На улице Карла Маркса в многоэтажном кирпичном доме добротной старорежимной кладки жили мои бабушка Ольга и дед Михаил. Квартира была коммунальная, на три семьи с общей кухней. Удобства находились за пределами жилплощади в холодном коридоре, да и удобствами их назвать было трудно. В те времена отдельные квартиры считались роскошью, вожделенной мечтой многих горожан.
Говорят, детская память цепкая, многое хранит такого, что, на первый взгляд кажется неважным, незначительным… Но по истечении времени эти крупицы воспоминаний становятся очень дороги, и ты старательно достаешь их из закромов памяти, как бисер из старинной бабушкиной шкатулки. Потому что эти крупицы памяти, эти смешные, даже, казалось бы, нелепые, эпизоды канувшей в Лету жизни — приметы времени, в котором жило целое поколение наших соотечественников.
Бабушка с дедом занимали одну большую двадцатиметровую комнату с двумя окнами, выходящими во двор, с печью-"голландкой", которая согревала обитателей квартиры в холодные зимние вечера. Помню, бабушка любила стоять у этой печки, греться и смотреть на огонь. Мебель была незатейливая, как у многих в то время: кровать, круглый стол в центре комнаты, покрытый вязаной белой скатертью, диванчик, шифоньер, швейная машинка. Над кроватью висел коврик из плотной ткани, на котором масляной краской был изображен зимний пейзаж. На переднем плане — тройка запряженных лошадей, сани несутся по лесу, а за ними гонится стая волков. В санях двое седоков, один правит лошадьми, другой отстреливается.
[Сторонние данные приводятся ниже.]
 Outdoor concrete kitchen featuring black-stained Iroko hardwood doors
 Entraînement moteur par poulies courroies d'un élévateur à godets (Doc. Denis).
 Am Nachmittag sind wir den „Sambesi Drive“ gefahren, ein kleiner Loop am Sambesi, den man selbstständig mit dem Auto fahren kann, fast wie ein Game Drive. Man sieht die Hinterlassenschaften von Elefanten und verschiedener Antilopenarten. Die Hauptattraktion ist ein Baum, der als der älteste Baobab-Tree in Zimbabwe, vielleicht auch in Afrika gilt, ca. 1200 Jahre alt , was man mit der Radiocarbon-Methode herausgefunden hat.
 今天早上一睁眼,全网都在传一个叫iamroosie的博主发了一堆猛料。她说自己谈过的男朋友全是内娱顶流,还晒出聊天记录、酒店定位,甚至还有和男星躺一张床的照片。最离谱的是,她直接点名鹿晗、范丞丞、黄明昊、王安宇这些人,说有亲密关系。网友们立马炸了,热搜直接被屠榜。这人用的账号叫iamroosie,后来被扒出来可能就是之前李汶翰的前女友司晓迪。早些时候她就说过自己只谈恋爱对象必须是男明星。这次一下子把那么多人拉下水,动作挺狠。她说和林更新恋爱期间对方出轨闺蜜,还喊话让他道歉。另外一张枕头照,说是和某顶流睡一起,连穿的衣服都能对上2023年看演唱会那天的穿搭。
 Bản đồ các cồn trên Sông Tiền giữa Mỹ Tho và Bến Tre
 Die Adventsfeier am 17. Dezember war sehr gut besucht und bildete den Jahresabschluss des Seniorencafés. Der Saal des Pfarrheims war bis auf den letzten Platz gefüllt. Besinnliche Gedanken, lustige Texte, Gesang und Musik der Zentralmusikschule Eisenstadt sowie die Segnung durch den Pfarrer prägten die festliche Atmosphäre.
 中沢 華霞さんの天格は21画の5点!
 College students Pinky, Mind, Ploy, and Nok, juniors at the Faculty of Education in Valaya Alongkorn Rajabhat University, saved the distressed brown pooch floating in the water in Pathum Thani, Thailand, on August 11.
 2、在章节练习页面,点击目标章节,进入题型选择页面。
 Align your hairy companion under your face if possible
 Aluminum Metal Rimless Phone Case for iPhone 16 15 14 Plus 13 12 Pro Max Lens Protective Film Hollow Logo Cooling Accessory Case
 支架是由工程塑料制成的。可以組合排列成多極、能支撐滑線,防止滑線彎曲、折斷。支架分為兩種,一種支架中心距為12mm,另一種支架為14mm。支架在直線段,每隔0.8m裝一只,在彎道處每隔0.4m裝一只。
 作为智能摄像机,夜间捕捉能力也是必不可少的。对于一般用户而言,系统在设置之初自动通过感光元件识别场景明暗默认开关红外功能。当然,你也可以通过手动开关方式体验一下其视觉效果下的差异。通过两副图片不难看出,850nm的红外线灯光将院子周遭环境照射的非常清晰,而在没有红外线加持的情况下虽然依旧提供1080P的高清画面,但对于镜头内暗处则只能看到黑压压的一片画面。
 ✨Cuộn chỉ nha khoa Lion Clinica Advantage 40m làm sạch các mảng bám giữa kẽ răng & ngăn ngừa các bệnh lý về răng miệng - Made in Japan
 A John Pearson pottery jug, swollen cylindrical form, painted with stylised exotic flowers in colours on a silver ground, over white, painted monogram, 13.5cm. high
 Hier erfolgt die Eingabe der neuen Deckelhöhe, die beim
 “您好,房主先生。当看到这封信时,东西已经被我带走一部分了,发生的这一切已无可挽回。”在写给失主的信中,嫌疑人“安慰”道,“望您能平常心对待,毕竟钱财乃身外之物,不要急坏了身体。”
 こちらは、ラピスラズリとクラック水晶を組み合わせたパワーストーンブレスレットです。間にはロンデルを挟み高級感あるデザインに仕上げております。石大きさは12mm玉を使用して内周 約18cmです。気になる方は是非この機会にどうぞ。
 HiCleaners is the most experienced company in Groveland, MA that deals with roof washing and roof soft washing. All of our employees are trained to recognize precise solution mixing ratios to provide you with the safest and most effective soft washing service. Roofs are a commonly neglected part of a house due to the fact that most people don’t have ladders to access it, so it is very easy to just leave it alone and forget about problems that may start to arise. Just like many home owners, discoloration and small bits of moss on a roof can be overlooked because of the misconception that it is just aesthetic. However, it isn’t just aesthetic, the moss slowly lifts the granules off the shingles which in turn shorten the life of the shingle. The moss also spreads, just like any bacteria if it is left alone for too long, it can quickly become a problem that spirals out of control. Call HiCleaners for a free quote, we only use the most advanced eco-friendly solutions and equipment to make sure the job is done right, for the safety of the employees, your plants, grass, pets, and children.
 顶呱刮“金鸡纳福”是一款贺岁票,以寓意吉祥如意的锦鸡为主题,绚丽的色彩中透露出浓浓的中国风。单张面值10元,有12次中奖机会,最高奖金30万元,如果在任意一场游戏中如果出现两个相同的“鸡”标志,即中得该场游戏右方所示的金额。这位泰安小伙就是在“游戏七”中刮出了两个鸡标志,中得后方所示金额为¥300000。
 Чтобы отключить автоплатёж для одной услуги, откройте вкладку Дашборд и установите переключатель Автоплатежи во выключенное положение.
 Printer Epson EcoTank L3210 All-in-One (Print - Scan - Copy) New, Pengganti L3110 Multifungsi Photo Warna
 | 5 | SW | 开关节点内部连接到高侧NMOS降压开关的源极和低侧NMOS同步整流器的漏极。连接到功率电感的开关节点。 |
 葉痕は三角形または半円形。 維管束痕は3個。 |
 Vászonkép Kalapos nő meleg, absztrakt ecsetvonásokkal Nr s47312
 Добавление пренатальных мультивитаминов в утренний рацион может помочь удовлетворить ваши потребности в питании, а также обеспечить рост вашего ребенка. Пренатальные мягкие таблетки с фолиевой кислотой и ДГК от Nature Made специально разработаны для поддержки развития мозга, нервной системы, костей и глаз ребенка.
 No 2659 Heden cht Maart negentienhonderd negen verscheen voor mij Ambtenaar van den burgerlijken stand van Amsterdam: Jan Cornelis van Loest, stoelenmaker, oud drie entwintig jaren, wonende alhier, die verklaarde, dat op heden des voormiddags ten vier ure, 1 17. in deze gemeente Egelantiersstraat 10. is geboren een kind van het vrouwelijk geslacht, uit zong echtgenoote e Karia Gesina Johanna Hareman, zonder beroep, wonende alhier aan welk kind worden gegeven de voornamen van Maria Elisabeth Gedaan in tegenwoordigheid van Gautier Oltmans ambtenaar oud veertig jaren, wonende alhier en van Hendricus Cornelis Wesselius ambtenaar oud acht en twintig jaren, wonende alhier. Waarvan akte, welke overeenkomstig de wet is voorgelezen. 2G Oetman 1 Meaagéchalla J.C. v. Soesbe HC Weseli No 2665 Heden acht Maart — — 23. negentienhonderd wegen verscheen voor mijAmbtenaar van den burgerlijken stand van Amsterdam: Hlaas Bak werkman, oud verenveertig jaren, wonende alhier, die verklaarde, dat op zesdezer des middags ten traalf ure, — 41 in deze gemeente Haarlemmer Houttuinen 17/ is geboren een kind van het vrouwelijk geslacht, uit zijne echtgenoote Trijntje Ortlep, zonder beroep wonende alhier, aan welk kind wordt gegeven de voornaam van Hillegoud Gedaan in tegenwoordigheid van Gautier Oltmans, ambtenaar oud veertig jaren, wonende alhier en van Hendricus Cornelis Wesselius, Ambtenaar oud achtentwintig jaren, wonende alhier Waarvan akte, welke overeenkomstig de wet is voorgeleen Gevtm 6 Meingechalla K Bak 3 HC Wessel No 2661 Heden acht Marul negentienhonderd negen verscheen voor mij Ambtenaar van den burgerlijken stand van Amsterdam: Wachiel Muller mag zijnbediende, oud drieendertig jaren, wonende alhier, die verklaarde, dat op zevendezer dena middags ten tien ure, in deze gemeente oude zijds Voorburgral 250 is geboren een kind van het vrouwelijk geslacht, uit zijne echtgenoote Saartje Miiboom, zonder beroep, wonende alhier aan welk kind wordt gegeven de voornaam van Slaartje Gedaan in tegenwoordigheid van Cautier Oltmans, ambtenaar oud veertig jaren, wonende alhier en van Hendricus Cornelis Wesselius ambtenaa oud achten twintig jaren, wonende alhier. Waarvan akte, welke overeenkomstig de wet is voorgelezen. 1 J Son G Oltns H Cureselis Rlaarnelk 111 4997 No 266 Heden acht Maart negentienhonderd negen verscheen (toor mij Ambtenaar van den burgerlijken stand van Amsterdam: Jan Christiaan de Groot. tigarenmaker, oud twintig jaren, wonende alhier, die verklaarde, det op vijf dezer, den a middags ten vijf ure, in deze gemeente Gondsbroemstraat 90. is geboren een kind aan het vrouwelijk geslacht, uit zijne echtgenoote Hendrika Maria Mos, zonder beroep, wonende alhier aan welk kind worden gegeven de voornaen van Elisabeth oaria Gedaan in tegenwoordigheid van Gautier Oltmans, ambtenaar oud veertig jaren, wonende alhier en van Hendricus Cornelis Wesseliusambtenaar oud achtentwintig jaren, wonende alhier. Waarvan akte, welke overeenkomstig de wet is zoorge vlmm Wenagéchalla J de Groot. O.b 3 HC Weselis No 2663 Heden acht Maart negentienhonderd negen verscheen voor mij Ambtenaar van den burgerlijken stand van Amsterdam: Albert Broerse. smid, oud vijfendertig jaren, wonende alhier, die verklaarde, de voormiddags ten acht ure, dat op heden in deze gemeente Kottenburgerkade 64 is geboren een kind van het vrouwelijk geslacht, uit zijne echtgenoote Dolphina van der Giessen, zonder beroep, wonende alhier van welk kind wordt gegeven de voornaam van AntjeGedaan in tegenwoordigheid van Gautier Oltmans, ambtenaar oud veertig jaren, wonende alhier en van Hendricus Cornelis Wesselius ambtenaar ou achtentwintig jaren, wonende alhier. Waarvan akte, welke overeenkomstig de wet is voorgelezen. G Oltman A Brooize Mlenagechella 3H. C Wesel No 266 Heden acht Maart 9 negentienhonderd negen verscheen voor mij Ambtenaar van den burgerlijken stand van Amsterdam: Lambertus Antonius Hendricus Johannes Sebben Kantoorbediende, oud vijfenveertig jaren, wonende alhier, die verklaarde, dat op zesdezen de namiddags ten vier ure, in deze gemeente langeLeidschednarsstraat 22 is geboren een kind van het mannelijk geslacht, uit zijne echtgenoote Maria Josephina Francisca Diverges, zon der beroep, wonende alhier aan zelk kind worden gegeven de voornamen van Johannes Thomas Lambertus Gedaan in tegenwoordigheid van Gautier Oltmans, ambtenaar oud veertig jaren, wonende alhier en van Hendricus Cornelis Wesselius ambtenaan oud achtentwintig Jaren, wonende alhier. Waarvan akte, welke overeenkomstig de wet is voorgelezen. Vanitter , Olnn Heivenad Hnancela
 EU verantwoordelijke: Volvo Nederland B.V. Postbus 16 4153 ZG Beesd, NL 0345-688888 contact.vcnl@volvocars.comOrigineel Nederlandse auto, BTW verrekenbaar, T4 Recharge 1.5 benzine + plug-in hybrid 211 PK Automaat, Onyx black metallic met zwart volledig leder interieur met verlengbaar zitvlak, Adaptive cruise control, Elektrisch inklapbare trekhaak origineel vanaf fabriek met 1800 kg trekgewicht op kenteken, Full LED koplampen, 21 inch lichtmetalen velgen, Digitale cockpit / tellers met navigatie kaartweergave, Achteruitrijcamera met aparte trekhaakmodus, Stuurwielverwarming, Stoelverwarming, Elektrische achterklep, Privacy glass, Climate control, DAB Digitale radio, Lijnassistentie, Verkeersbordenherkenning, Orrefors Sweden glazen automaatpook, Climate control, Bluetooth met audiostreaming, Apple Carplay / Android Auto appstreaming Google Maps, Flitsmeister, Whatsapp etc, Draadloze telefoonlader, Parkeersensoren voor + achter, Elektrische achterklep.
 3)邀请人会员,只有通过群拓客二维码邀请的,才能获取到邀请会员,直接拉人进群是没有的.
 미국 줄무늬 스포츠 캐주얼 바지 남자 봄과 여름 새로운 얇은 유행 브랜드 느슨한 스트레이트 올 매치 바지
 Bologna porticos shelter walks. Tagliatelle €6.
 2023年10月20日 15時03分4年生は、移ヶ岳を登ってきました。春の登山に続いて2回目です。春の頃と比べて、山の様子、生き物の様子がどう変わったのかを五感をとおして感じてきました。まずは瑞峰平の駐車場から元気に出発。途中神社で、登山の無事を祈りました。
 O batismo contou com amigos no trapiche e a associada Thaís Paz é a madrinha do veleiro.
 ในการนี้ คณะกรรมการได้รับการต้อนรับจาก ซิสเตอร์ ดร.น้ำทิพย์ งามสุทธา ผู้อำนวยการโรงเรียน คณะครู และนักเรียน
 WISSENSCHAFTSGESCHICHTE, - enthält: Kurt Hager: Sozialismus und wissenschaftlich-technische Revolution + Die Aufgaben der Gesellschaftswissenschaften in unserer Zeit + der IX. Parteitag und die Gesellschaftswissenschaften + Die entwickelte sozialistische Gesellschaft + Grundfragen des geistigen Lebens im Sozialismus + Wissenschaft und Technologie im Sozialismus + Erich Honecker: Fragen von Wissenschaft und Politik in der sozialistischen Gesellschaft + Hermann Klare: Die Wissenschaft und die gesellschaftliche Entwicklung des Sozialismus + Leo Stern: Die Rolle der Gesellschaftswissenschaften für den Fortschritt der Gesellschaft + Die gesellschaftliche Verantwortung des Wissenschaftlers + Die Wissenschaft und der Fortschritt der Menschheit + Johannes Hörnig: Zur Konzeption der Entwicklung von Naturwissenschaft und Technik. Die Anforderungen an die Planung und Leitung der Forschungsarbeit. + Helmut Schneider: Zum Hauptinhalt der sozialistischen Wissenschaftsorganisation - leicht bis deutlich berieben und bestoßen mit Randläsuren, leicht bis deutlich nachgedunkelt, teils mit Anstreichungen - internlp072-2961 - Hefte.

Мой младший брат, глядя на этот коврик, размышлял: догонят волки повозку или нет?
Так вот, жили-не тужили. Про таких, как мои дед и бабушка, обычно говорят — "не пара". Она — тихая, аккуратная, домашняя, не любившая шумных компаний. Он — юркий, подвижный, жизнерадостный, бесшабашный музыкант-самоучка, игравший в духовом оркестре. Музыке дед нигде не учился, но знал ноты и старательно писал клавиры вальсов, фокстротов, танго. Он даже спал, положив под голову вместо подушки стопку любимых нот. Рядом с его кроватью всегда лежала труба. Когда приходили внуки (я и мой двоюродный брат), он часто говаривал: "Давайте-ка я вам сыграю вальсок. А хотите — танго?" — говорил, делая ударение на последнем слоге. При этом он садился посреди комнаты на пол, почему-то надевал на голову шляпу и старательно дудел в свою трубу. Он был чрезвычайно доволен, когда играл, а когда у него случались слушатели — доволен вдвойне. Трубы у него были разные: маленькая альтушка, побольше — баритон и самая большая — бас.
По воскресеньям дед часто пропадал на целый день. Бабушка сердилась, а он только добродушно бормотал: "Лель, я на сыгравку". На современном языке это означало "на репетицию". Для деда это было святое. Душа его рвалась вон из стен дома туда, где он чувствовал себя счастливым — в оркестр. Она, его душа, летела и парила, заслышав первые аккорды "Прощания славянки", и плавно кружила при звуках вальса "На сопках Маньчжурии". Часто, возвратясь поздно вечером домой, дед тихонько пел и пританцовывал — вальс еще кружил его щуплое существо, и весь он пребывал в другом, волнующем его мире, за пределами холодной квартиры, за пределами скромного размеренного домашнего быта с его ежедневными заботами и проблемами… Иногда, в шумной компании с друзьями, он мог станцевать и знойную "цыганочку", как он говорил — "с выходцем", прикрыв при этом глаза и весь отдавшись танцу.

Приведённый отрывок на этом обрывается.